AHH!
There is a slow poison in comparison. A creeping uneasiness when we begin to evaluate ourselves based on the existence of others. The more mundane examples are comparing our asses or houses to others. But I think the more dangerous examples are when we begin evaluating ourselves based on the “accomplishments” of others. And when you have as many beautiful and talented and successful friends as I have its hard not to wonder how I myself stack up next to all these lil angelz. But that’s just it. I don’t need to stack up next to them. I am not in a competition and we are not in a race against one another. And when the fuck did I start thinking that it might be?
From a very young age I seemed to conceptually understand that there was no use in comparing myself to other people. Not only because it seemed a disastrous way to spend my time but also because it was a never ending. Non-winnable, pointless venture. Because the fact is there is always someone “smarter” “prettier” “funnier” “cooler” “sexier” “more knowledgeable” than me. And I felt okay with that. What I didn’t know was how difficult it would be to grow older. To watch friends change and move and get married and have children and start careers and buy houses. And I had no idea any of these milestones mattered to me until very very recently.
Even now as I type that I question how much they actually mean to me. More accurately, what they mean to me. What does “getting married” mean? What does “starting a family” mean? What does “buying a house mean”? Somehow Ive equated these milestones to greater happiness, and I guess at the bottom of it, and admittedly the ugliest part, I equate others arriving at these chapters in their lives as having more value as a human being than I do.
There I said it.
Sometimes when I find out people are engaged or seem to be on that “path” of “adulthood” I feel really crummy. And I start comparing my life to theirs and it begins a terrible cycle of confusion, isolation and ultimately unhappiness. So not only do I allow myself to feel inferior I also totally selfishly take away happiness I might otherwise feel for my friends. And they deserve my acceptance and congratulations and high fives.
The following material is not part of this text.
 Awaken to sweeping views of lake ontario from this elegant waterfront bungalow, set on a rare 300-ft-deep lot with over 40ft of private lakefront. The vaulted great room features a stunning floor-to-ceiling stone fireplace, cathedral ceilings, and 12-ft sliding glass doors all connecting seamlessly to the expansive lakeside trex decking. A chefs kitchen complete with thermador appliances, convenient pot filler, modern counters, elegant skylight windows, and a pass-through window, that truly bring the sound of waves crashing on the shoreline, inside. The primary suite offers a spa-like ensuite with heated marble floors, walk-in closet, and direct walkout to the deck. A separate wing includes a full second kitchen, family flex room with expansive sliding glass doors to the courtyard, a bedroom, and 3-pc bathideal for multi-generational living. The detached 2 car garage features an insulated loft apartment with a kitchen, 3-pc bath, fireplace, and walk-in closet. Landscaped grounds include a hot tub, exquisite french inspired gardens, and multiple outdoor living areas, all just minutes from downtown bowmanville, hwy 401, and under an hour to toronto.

So when I realized I was basically acting like a bratty teenage girl who was jealous someone got asked to prom and I didn’t, I decided to eliminate assigning bizarre value to these peoples lives and instead define what it was that I wanted from life, what made me happy and what I was devoted to. I was surprised how simple it was. How uncomplicated my desires were. And after a week and a half of feeling like a complete psycho, “always a bridesmaid”, Im going to start yoga and never smoke a cigarette again, maybe I need straighter teeth, my music sounds not unlike a toddler learning to play the ukulele, when I decided to quit being a little baby and actually delve into what it was I wanted from bein alive, I was just pleased as punch to realize that essentially all I want from life is to nurture and discover my own voice, experience selfless love and to give and receive joy, understanding and laughter. And at risk of sounding like any number of the cards my mother sends me in the mail that Im pretty sure are written by old ladies sitting in a church some place knitting booties for babies and drinking watered down coffee, I really believe in my heart that outside of love and understanding there isn’t much to live for.
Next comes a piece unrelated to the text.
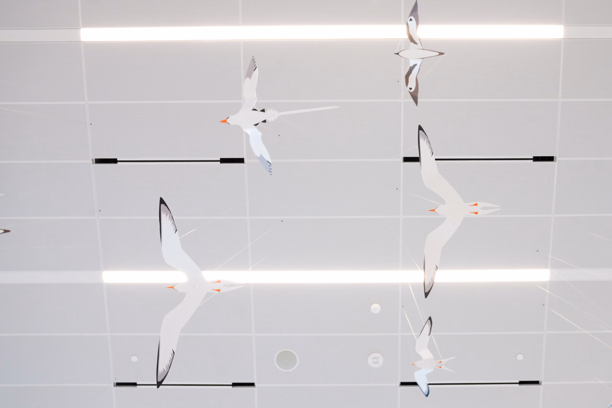 In this regards, Adderley notes that little bits of ‘Bermudiana’ have been incorporated into the interior design of the terminal and can be seen most clearly by the models of cahow and long-tailed birds hanging from the ceiling in the Departures Hall and colourful wayfinding Bermuda kites throughout the building.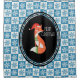 Cortina de chá com uma ilustração fofa cor de laranja, dentro a oval preta. Ele está vestindo um chapéu de anã vermelho e tem sotaques decorativos verdes festivos na cauda e no peito. Feliz Natal também está escrito dentro do quadro oval. O fundo é um padrão com flocos de neve azul e branco.

Which is when I realized I have and am currently living “my dream”. Yes I would like for there to be a few additional elements, but the truth is I haven’t found that part of my life yet. Or maybe I have and I cant see it yet. Maybe If I would just breathe and chill the fuck out I would be able to see that my path is working out petty nicely for myself. That I have grown to be a woman with self-respect, walked friends through grief, have beautiful and devoted support for my goals in music and writing and that thank jesus I have a sense of humor regarding just about everything. That I’ve traveled and lived in many cities and dated half the nations population, and learned new things everyday of my life. That I have been pretty ungrateful recently.
I also realized that just because these people are hanging curtains in their new windows, tying the knot and owning things like “daily planners” doesn’t mean that they have themselves or the world any more figured out than I do.That they are now somehow instantly content forever and they can rest their hats and discontinue self improvement and understanding because they now have the answer to all of the worlds questions and sorrows. And if they do then I salute them. Others pace is irrelevant to my own.
I mean I could type on and on forever trying to intellectualize something I’ve known for a while:
We all want love. We all want to feel special and noticed and heard and understood and cared for. And we are responsible for establishing how we would like to accomplish those things. And not only establish how but wholly completely and totally believe in our own dream. Even when others don’t. Even when it seems like the dream is “unlikely”. Even when we are tired and worn out and beaten down. We have to find that resilience to believe in what we want most.
So instead of making pie graphs of my happiness vs. the worlds happiness Im just gonna shut the fuck up and start living more presently. Laughing more. Letting myself exist as the woman I am, evolving at the pace that I am evolving and celebrate the happiness I have in my own life and the happiness my friends and loves are experiencing in their lives.
As one of my boss bitch role models once said “I am the empress of my own goddamn happiness”.
Cheers, bitches. I love all y’all & I want magic and love for e’rry last one of you!